Tier 1 capital is the highest-quality capital that a firm holds, consisting primarily of common stock and retained earnings, but also physical gold. It serves as the primary cushion against losses and is the first line of defense in times of financial distress.
This capital is divided by risk-weighted assets to derive the Tier 1 capital ratio. Risk-weighted means that cash and US treasury securities are assigned little risk while unsecured consumer loans and equity investments get much higher risk weights, for example.
New regulation after the 2008 financial crisis requires that all firms must maintain a Tier 1 capital ratio greater than 4.5%. On top of this, there are additional buffers based on scale, risk profile, and other regulatory classifications, so that at the end of the day, firms generally must maintain a 7-10% ratio at minimum.

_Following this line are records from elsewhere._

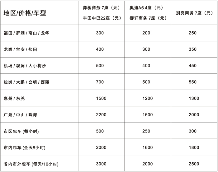 - 以上价格已包含路桥费及停车费,需另加6%增值税。
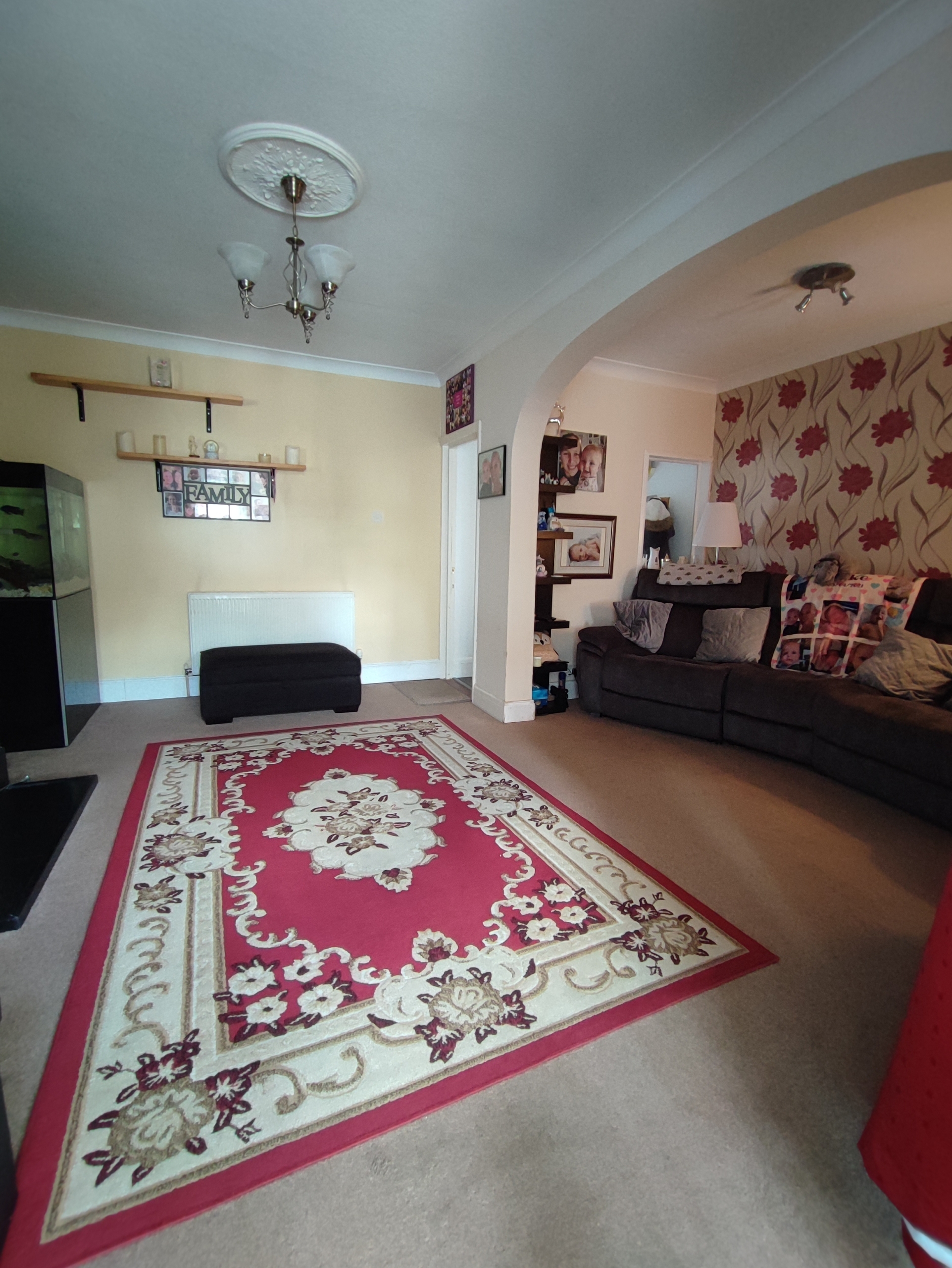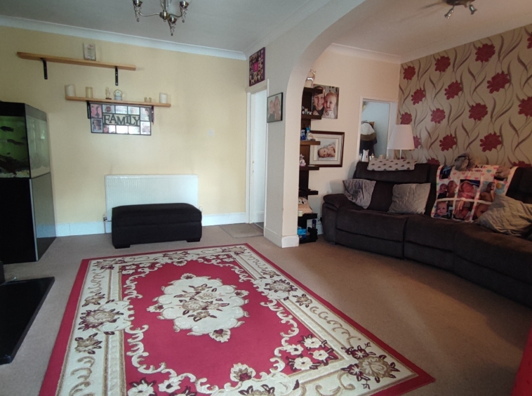 Reception 2 (4.8m – 5.19m Max x 4.38m) Large spacious room with radiator, power points, door to cloakroom/utility and double doors leading to kitchen.
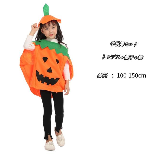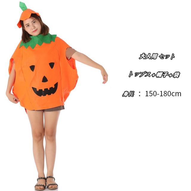 親子ペア カボチャ ハロウィン衣装 キッズ コスチューム 仮装 お化け 変装 可愛い パンプキン 大人 子供 ダンス衣装 着ぐるみ キャラクター衣装
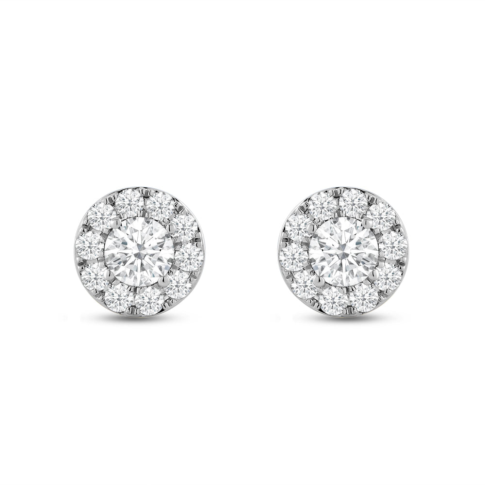 Round Cut Moissanite Halo Diamond Stud Earrings for Women
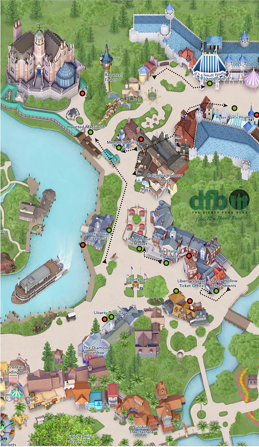 Then, our map moves further into Frontierland and into a bit of Adventureland.
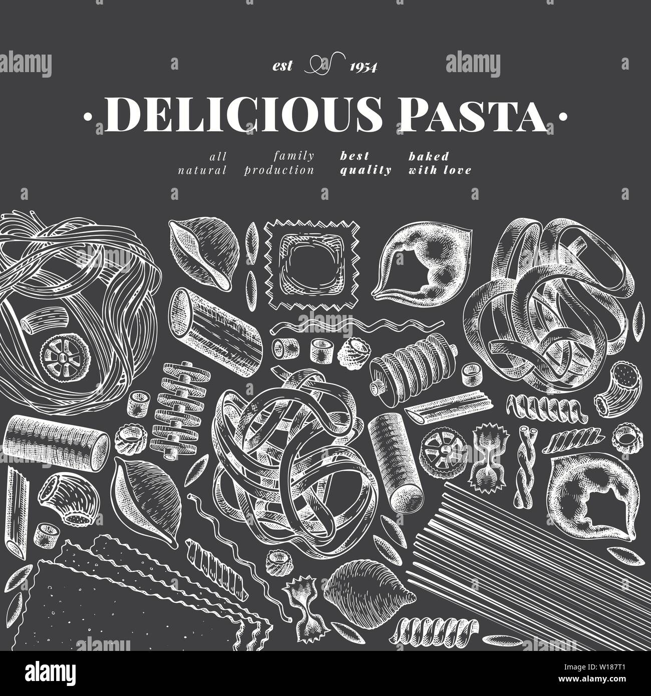Italian Pasta Design Template Hand Drawn Vector Food Illustration
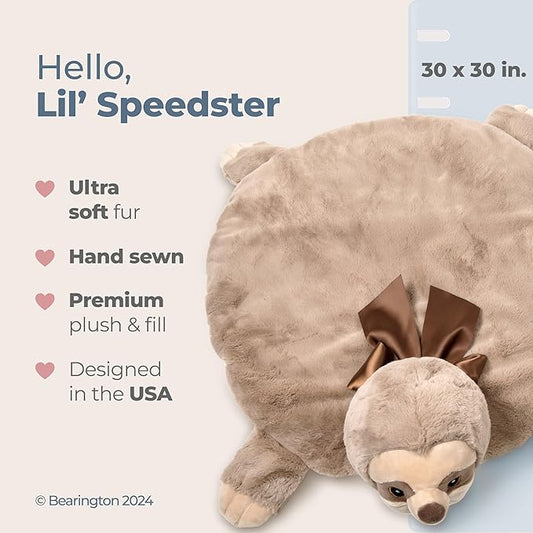 Bearington Collection Sloth Plush Tummy Time Mat - 30 x 30 in Lil’ Speedster Quilted Velour - Newborn Baby Sloth Blanket & Machine Washable
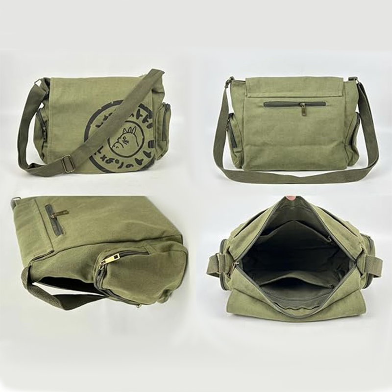 The dual closure system combines a flip cover with a secure zipper, offering both quick access and reliable protection for belongings. The front features an authentic My Neighbor Totoro cartoon print within a Japanese stamp style border, adding a nostalgic anime touch without overwhelming the bag's classic silhouette. Two side zipper pockets provide organized storage for phones, keys, and small essentials.
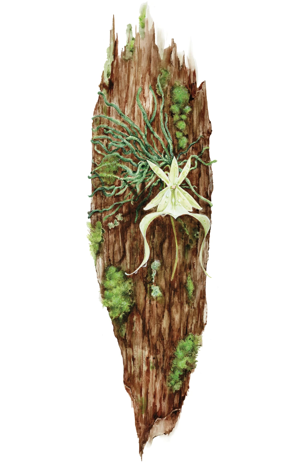 Sans feuilles. Suspendue à l’écorce, la plante se réduit à des racines, filaires, vivantes. L’orchidée fantôme ne se montre qu’en fleur : blanche, fine, arachnéenne. Le reste du temps, elle se confond avec le support qui l’abrite.
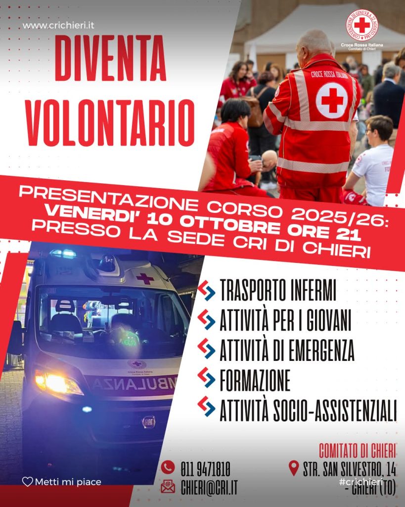 Chieri. La Croce Rossa presenta i corsi per volontari 2025-2026 di Redazione · 7 Ottobre 2025 Visto da: 158
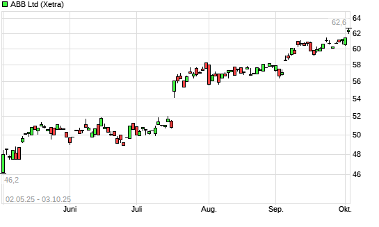 Mit dem Anstieg auf 61,44 EUR hat die ABB-Aktie (ISIN CH0012221716) am 02.10.2025 ein neues All-Time-High erreicht und damit den Kurs vom 10.09.2025 eingestellt.
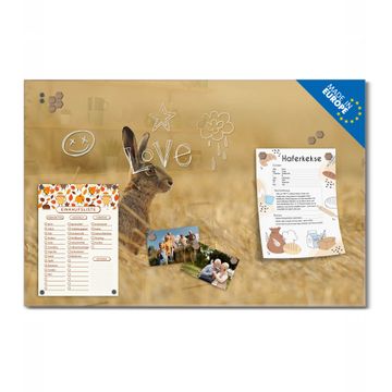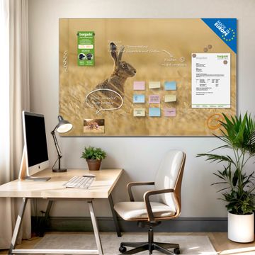 Material: 4mm Sicherheitsglas mit Metallrückwand Eigenschaften: beschreibbar, magnetisch, kratzfest Maße: 75x50x0,6cm, 5,63kg schwer Motiv Nummer 10496 Hase Zubehör: inklusive 4 Neodym-Magnete
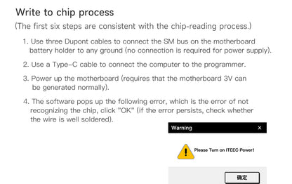 5. Wenn eine Softwarefehlermeldung mit dem Inhalt „Bitte schalten Sie ITEEC Power ein!“ erscheint, deutet dies auf einen nicht erkannten Chipfehler hin. Klicken Sie auf „OK“ (wenn der Fehler weiterhin besteht, überprüfen Sie die Kabelverbindungen).
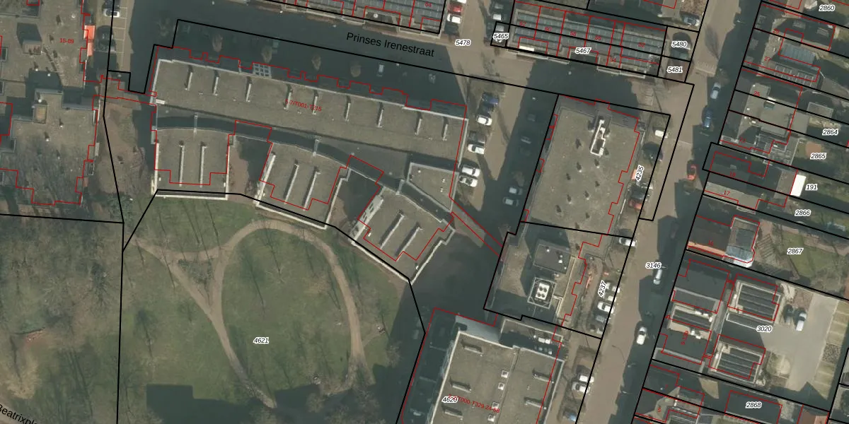 Het perceel waarop Prinses Irenestraat 7-T201 staat heeft een oppervlakte van 8605 m². Dit is een zeer groot perceel. De perceeloppervlakte wordt geregistreerd door het Kadaster. Gedetailleerde informatie over de maten van dit perceel kunt u vinden in het rapport Kadastrale kaart met maatvoering van Prinses Irenestraat 7-T201.
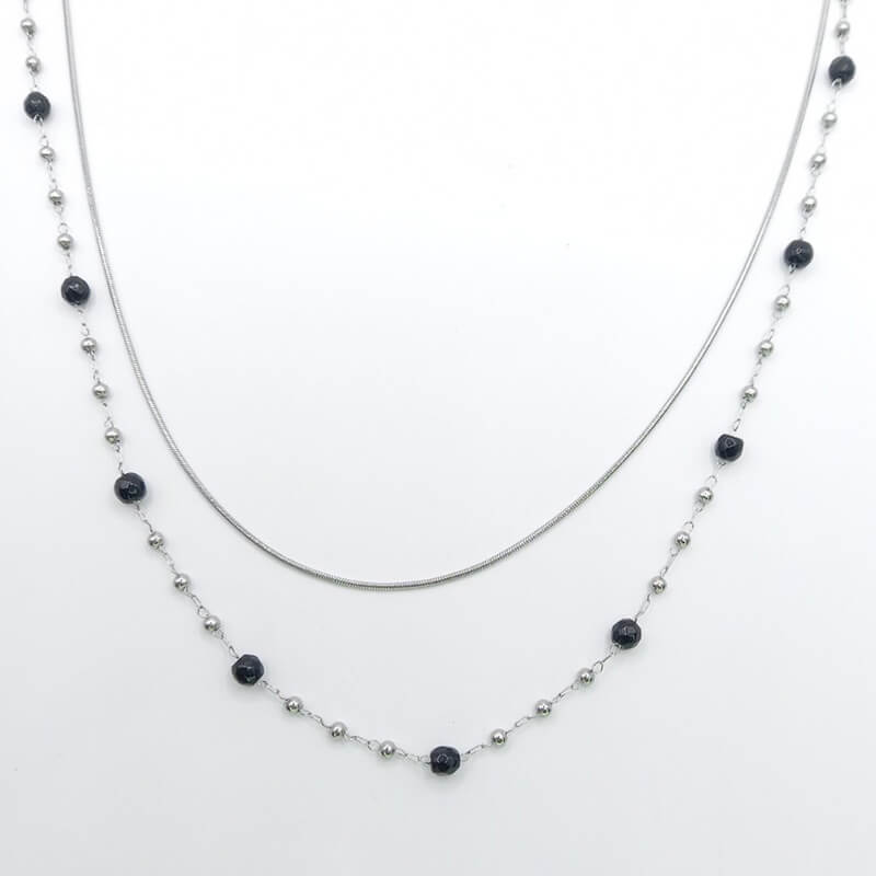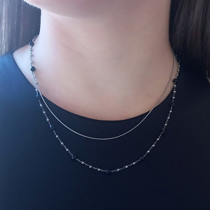Κολιέ από ατσαλί ασημί χρώματος, διπλής σειράς με κοινό κούμπωμα. Η πρώτη αλυσίδα σε στρογγυλό σχήμα μήκους 45 cm, ενώ η δεύτερη σε όλο το μήκος 50 cm διακοσμείται με ασημί μπιλάκια και μαύρα κρυσταλλάκια.
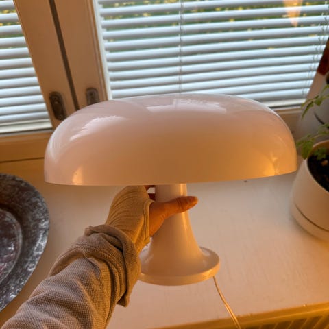 Pieni halkeama jalassa, liimattu siististi, ei osu silmään kun katsoo valaisinta. Toki jos läheltä tarkastelee! Sijaitsee Helsingin Kalliossa :)
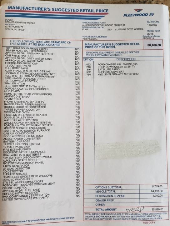 2015 Fleetwood Flair 26D For Sale in Clayton, NJ 08312
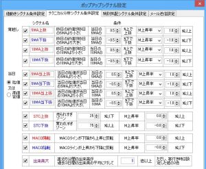 テクニカル分析によるポップアップシグナルは、移動平均用とMACD用とストキャスティクス用があり、それぞれ上昇率(一定時間当たりの株価の上昇・下落率)と組み合わせた条件で指定します。上昇率と組み合わせるのは、移動平均付近で上下するような値動きでは頻繁にシグナルが発生するので、強い上昇を伴って上抜けするような動きのときにポップアップシグナルを出すためです。移動平均線抜けのポップアップシグナルでは、シグナルを出すとき株価が何%以上上昇しているか(何%以下下落したか)、また、移動平均線の何%上で上抜けしたか(何%下で下抜けしたか)というように条件を細かく設定できます。移動平均用シグナルは、さらに宵越しと当日を個別に設定でき、MACD用シグナルでは、MACD陽転・陰転とMACD上抜け・下抜けを個別に設定できます。
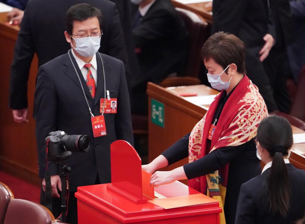 3月10日,十四屆全國人大一次會議在北京人民大會堂舉行第三次全體會議。這是代表在投票。
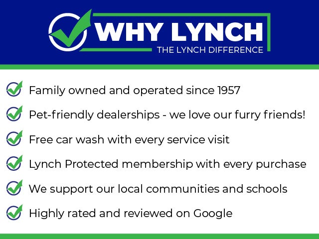 *Dealer Discount applies to everyone *Lynch Market Adjustments are based on the supply and demand of vehicles as well as the current market situation. This takes in to account all factors including the impact of the pandemic and the shortages that exist. Tax, Title, Tags, and Service Fee not included in vehicle prices shown and must be paid by the purchaser. We make every effort to provide accurate information. All prices, specifications and availability subject to change without notice. Price listed assumes vehicle purchased in same zip code as dealership location. Dealer may not be held liable for errors. Pricing may not include Dealer Add-ons and/or Accessories. Special financing may be available in lieu of factory rebates. Contact dealer for most current information. Tax, title, license, and service fee (unless itemized above) are extra. Not available with special finance, lease and some other offers. Manufacturer's Suggested Retail Price may not represent the actual sales price.
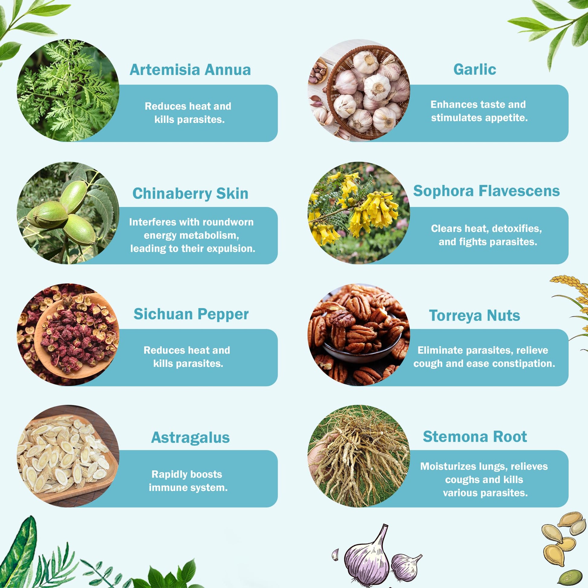 All-Natural Dewormer: Our formula contains garlic, artemisia annua, sophora flavescens, pumpkin seeds, stemona root, chinaberry skin, sichuan pepper, and astragalus torreya - providing a safe, simple deworming for your poultry
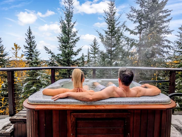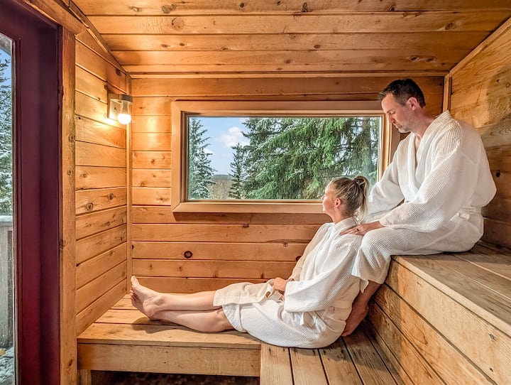 Impresionantes vistas a la montaña: despierta con impresionantes vistas panorámicas de las montañas y los bosques de pinos desde tus ventanas o la gran terraza. Los colores cambiantes del cielo al amanecer y al atardecer seguramente te dejarán asombrado. Relájate y rejuvenece con un baño en el jacuzzi o una sesión relajante en la sauna; ambos ubicados en la terraza, justo al lado de la cocina.

Over the last two years, LendingClub has averaged a Tier 1 capital ratio of 17.4%, which is considered safe and well capitalized in the event that macro or market conditions suddenly deteriorate.
10. Key Takeaways from LendingClub’s Q3 Results
It was good to see LendingClub beat analysts’ EPS expectations this quarter. We were also glad its revenue outperformed Wall Street’s estimates. Zooming out, we think this was a good print with some key areas of upside. The stock traded up 6.3% to $17.55 immediately after reporting.
11. Is Now The Time To Buy LendingClub?
Updated: December 3, 2025 at 11:34 PM EST
Before making an investment decision, investors should account for LendingClub’s business fundamentals and valuation in addition to what happened in the latest quarter.
There is a lot to like about LendingClub. For starters, its revenue growth was exceptional over the last five years. On top of that, its expanding pre-tax profit margin shows the business has become more efficient, and its spectacular EPS growth over the last five years shows its profits are trickling down to shareholders.
LendingClub’s P/E ratio based on the next 12 months is 12.6x. Looking at the financials landscape today, LendingClub’s fundamentals really stand out, and we like it at this price.
Wall Street analysts have a consensus one-year price target of $21.91 on the company (compared to the current share price of $18.72), implying they see 17% upside in buying LendingClub in the short term.